ABOUT THIS TASK
Retype every line of the data below, starting with the first and ending with the line that contains "Deze betoverende bordeaux", but leave out the pictures.

Dataset excerpts:
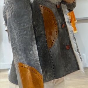 Colors: Light grey with a tan cognac patchwork with stitching and tan buttons
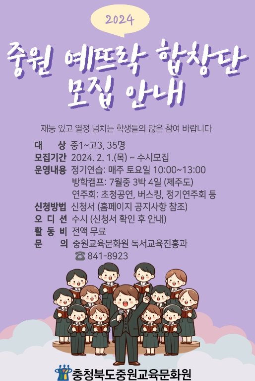 ![]() 중원교육문화원, 중원예(藝)뜨락합창단 3기 단원 모집 |
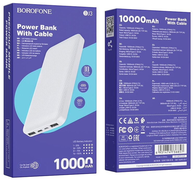 Портативный аккумулятор Borofone BJ3 Minimalist 10000mAh, вх.: Micro-USB/USB-C, вых.: 2 x USB-Af, LED, белый 1 905 ₽ Подробнее
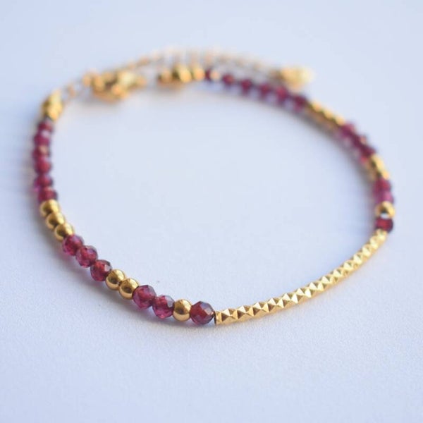 Deze betoverende bordeaux rode armband met edelstenen is mega-hip! De stainless steel kralen en de verfijnde edelsteen kralen maken de armband magisch. Geeft een extra sprankeling aan je outfit door de facet geslepen stenen. Met deze armband, straal je iedere dag opnieuw.
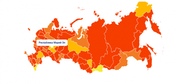 Помимо Марий Эл в жёлтой зоне оказались Тыва и Дагестан. К сожалению, на данный момент в других регионах уровень заболеваемости остаётся высоким.
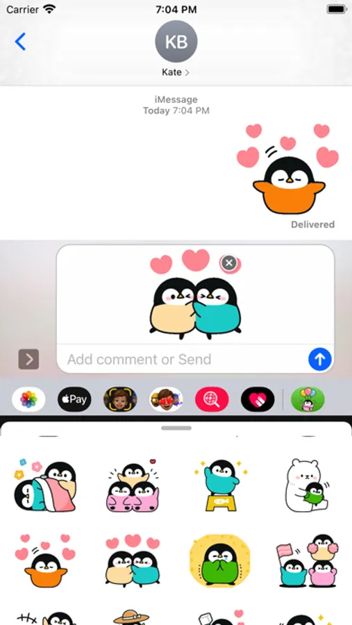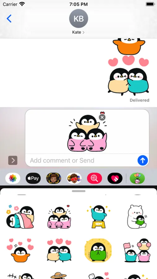Fun and Cute with "Cute Penguin 5 stickers" pack. It is always ready to add more emotion to your text.
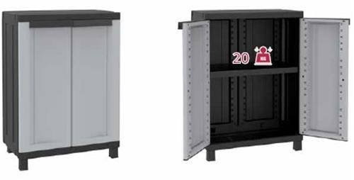 Caratteristiche: armadietto multifunzionale in plastica a due ante. Spazio interno caratterizzato da 1 ripiano orizzontale regolabile in altezza
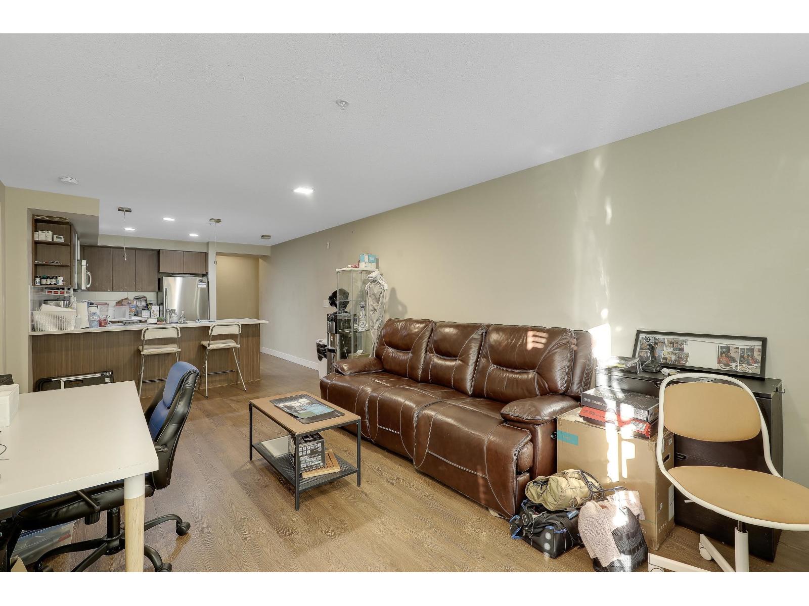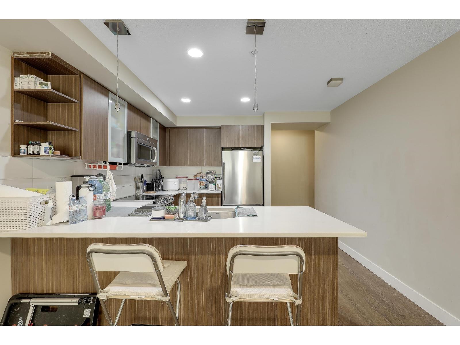SOUTH-FACING 2 BED 2 BATH CORNER UNIT ON THE QUIET SIDE OF THE BUILDING! This bright, functional layout offers a gourmet kitchen with stainless steel appliances, modern full-wrap cabinets, under-cabinet lighting & Caesarstone counters. Spacious living/dining area with built-in fireplace & covered deck access. Primary bedroom features walk-in closet & 4-pc ensuite. Moen fixtures, ceramic tile & premium finishes throughout. Includes secure parking, storage locker & 2 elevators. Pets & rentals allowed. Beautiful, well-managed building close to shopping, parks & transit. (32267791)

EXERCISE SOLUTION
 Colors: Light grey with a tan cognac patchwork with stitching and tan buttons
 ![]() 중원교육문화원, 중원예(藝)뜨락합창단 3기 단원 모집 |
 Портативный аккумулятор Borofone BJ3 Minimalist 10000mAh, вх.: Micro-USB/USB-C, вых.: 2 x USB-Af, LED, белый 1 905 ₽ Подробнее
 Deze betoverende bordeaux rode armband met edelstenen is mega-hip! De stainless steel kralen en de verfijnde edelsteen kralen maken de armband magisch. Geeft een extra sprankeling aan je outfit door de facet geslepen stenen. Met deze armband, straal je iedere dag opnieuw.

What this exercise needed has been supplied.